What is wrong with the following proof: Theorem Quark transformation is impossible. Proof: Assume a quark can transform. A particular quark exists: top and this transforms into an anti-b quark while emitting a W-. Then the intermediate state exists: t-anti-b-W- / t-W-anti-b. This is impossible since a t quark is a fundamental particle. Similar reasoning holds for the other qaurks and antiquarks. Alternatively this is circumventable by assuming there is no intermediate state: the t exists and the next instant (one planck time) the W- and anti-b exists. Then there is no causal link between the t and anti-b so the reaction couldn't have happened. QED.
This sounds like another case of Zeno's Paradox. If everything is instant, and there's nothing between, then nothing can ever happen to anything, anywhere. Here's an idea to chew on: Quarks, though fundamental, do interact with other particles (neutrinos, for example). A particle interaction can lead to a quark transformation without an intermediate stage. Here's another idea to chew on: What you are grappling with is a very broad problem that strikes at the very heart of the incompatibility between QM and GR. If discrete particles of zero size interact, you get infinities. That's where string theory come in. Fundamental particles are comprised of 1-dimensional strings, whose interacting cross sections make these impossible transitions possible.
I don't think I'll get away with believing quark transformations being impossible. But quark transformations violate Quark Conservation, which I think holds.
The causal link is that the weak interaction created a W- boson, simultaneously changing the top quark into an anti-bottom.
Why should there not be a transitional state, just as there is during the absorption of a photon by an electron in an atom? In that case, one uses the time-dependent form of the Schrödinger equation to model the change from one electron orbital state to another over a finite (though very short) period of time, under the perturbing influence of the electric vector of the photon's wave. Nobody contends it is instantaneous. No doubt the QM of quark interactions will be a lot less well developed, since it is very hard to do experiments that get at the underlying process, but that does not mean such processes do not occur.
I had started using the same example - a photon being absorbed by an electron and jumping to an excited state, but I realized that's not the same thing as a particle changing into another particle, so I didn't complete it. But I agree with you - in QM, everything is mediated by particles. No reason why one quark couldn't change into another by absorbing or emitting a particle.
I don't see what is wrong with the analogy. A photon is a particle constituted by a disturbance in the EM field, whereas other particles are disturbances in other fields. At all events, none of these interactions between QM entities is modelled as instantaneous, which was really my point. Things evolve into other things via a transitional process that can in principle be described mathematically.

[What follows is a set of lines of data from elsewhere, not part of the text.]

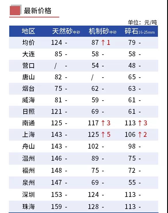 本周沿海城市砂石價格穩中有升,天然砂均價暫穩,機制砂、碎石均價有所上漲。
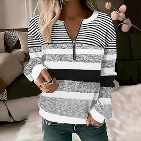 Damen-Pullover mit Streifen und kurzem Reißverschluss
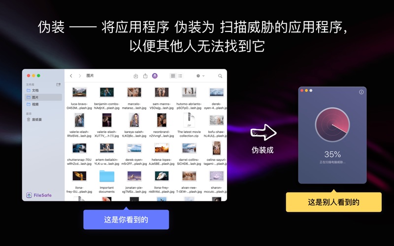 FileSafe为您的私人文件提供了一个秘密的保险箱。 它保护您的个人照片、视频或其他文件不被他人可见。 将文件导入FileSafe后,您电脑的其他使用者将无法浏览或搜索它们,而您依然可以通过本应用将其打开。 我们还提供了伪装功能,使其他人即使启动FileSafe也不会察觉到您的秘密。 使用FileSafe保护您的隐私并避免尴尬! 如果您有任何问题或建议,请随时与我们联系。 - 邮件: filesafe@thinkyeah.com 修复了一些错误和崩溃问题
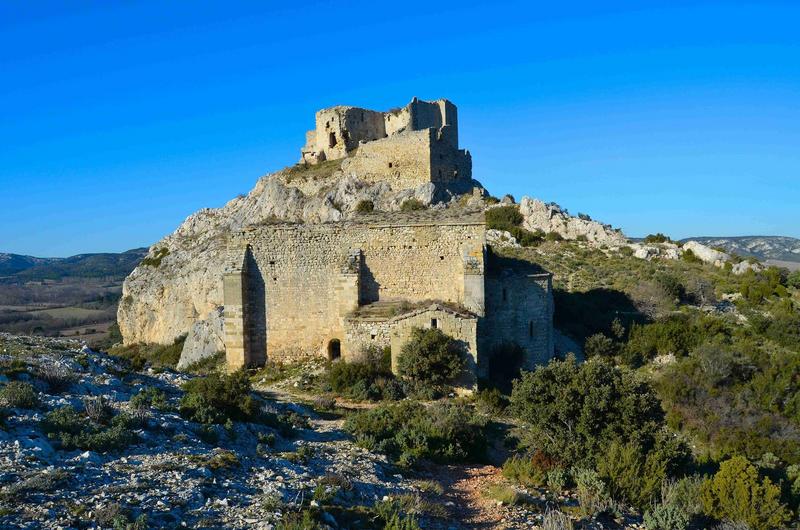 POP | Plateforme ouverte du patrimoinevue générale de l'église dans son environnement, à l'arrière plan la château de Roquemartine
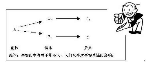 如圖中,A(Antecedent)指事情的前因,C(Consequence)指事情的后果,有前因必有后果,但是有同樣的前因A,產(chǎn)生了不一樣的后果C1和C2。這是因?yàn)閺那耙虻浇Y(jié)果之間,一定會(huì)透過一座橋梁B(Belief),這座橋梁就是信念和我們對(duì)情境的評(píng)價(jià)與解釋。又因?yàn)?,同一情境之下?/span>A),不同的人的理念以及評(píng)價(jià)與解釋不同(B1和B2),所以會(huì)得到不同結(jié)果(C1和C2)。因此,事情發(fā)生的一切根源緣于我們的信念、評(píng)價(jià)與解釋。
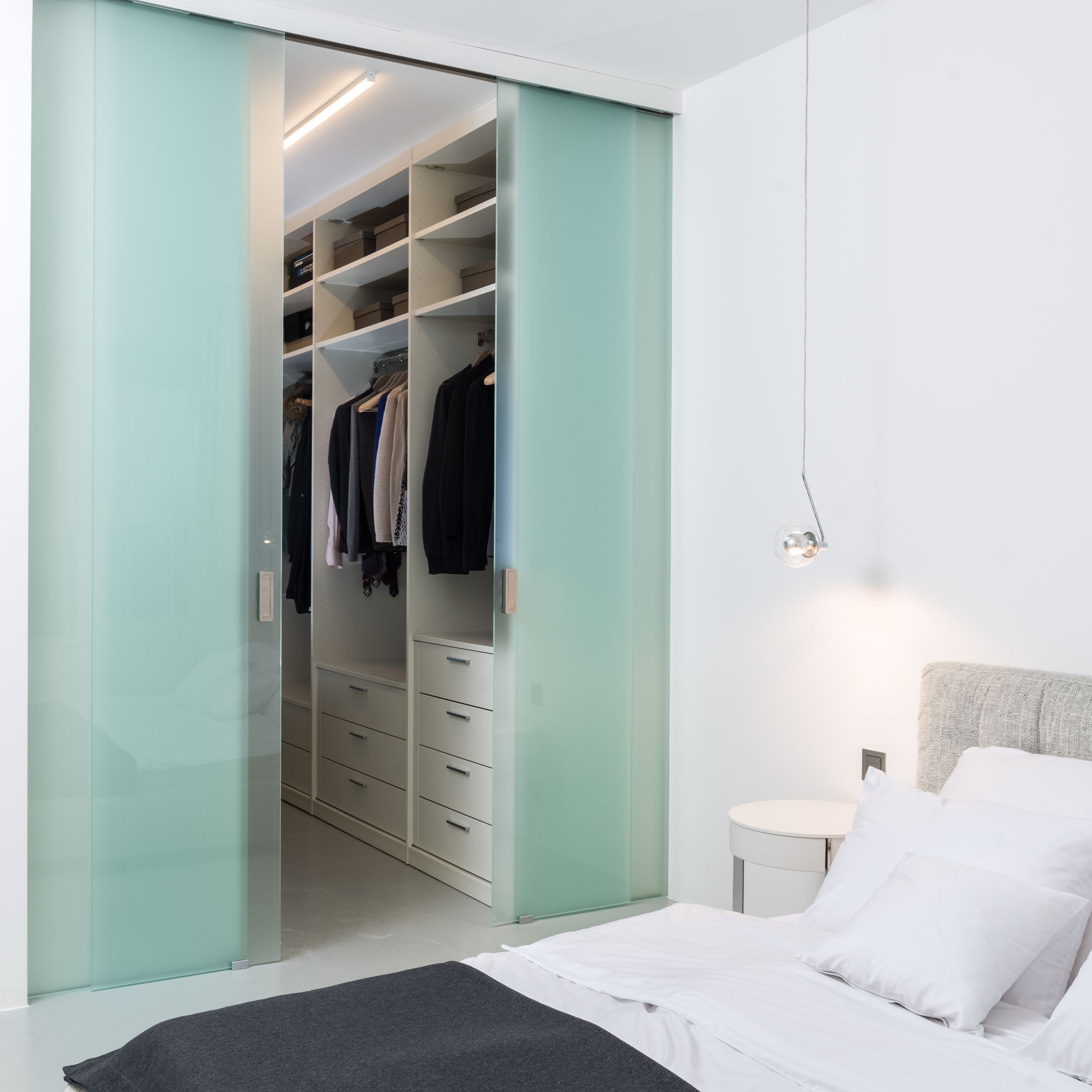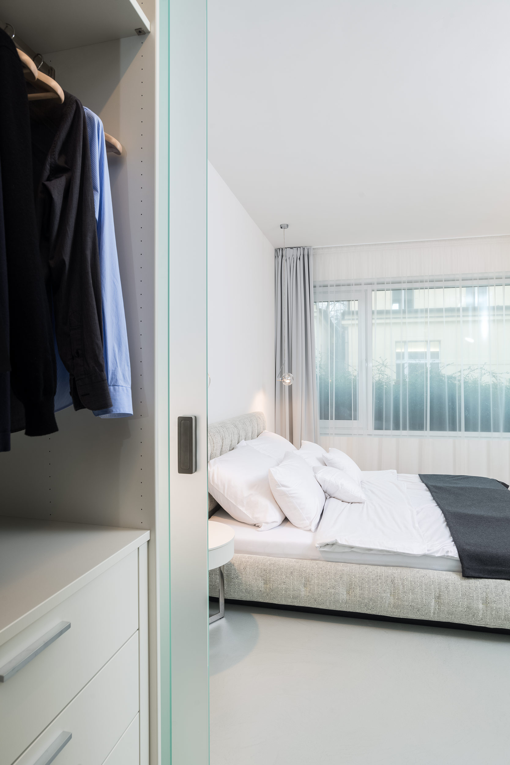 Na hlavní obytný prostor navazují dvě klidové části s ložnicemi. Rodičovská ložnice je světlá, vzdušná a přímo u ní se nachází uzavřená šatna. Postel čalouněná ve světle šedé látce doplňují kulaté noční stolky a zavěšená světla na tenkých tyčkách. Na obývací pokoj navazuje menší TV kout, který snadno poslouží i dětským návštěvám, a malá domácí pracovna s uklidňujícím výhledem do zeleně.

There's nothing in between says the Feynman diagram. It also says the reaction happens instantaneously.
Can you show me a source for your claim that the processes depicted in a Feynman diagram occur instantaneously? I think you have made this up and that it is not true.
It looks more or less like this (time goes left-right, space goes up-down): ……………..._______>W- t >_____| ……………..|_______<anti-b just with the up-down line contracted into a vertex and the dots deleted.
There is a law of conservation of mechanical energy. In the quark transformation process mechanical energy is destroyed and a different kind of mechanical energy is created.
I know what a Feynman diagram looks like. My point is that the diagram on its own says nothing about the time taken for the changes depicted to take place. So where do you get this idea that the changes must be instantaneous? Other quantum interactions e.g. those between electrons and phtons, are not. So what makes you think that these processes are?
Don't know if this will help: "the top quark has a very short lifetime".....bottom of page 2 Top quark pair decays......Figure 3 http://mafija.fmf.uni-lj.si/seminar/files/2011_2012/Seminar_-_Top_Quark-1.pdf
There is an error in my posts: "anti-b" must be replaced by "b". Feynman diagrams are for counting the number of ways an interaction can happen so I don't think it is accurate in the time taken for an interaction. All interactions should take a finite time to happen because space must do a computation first.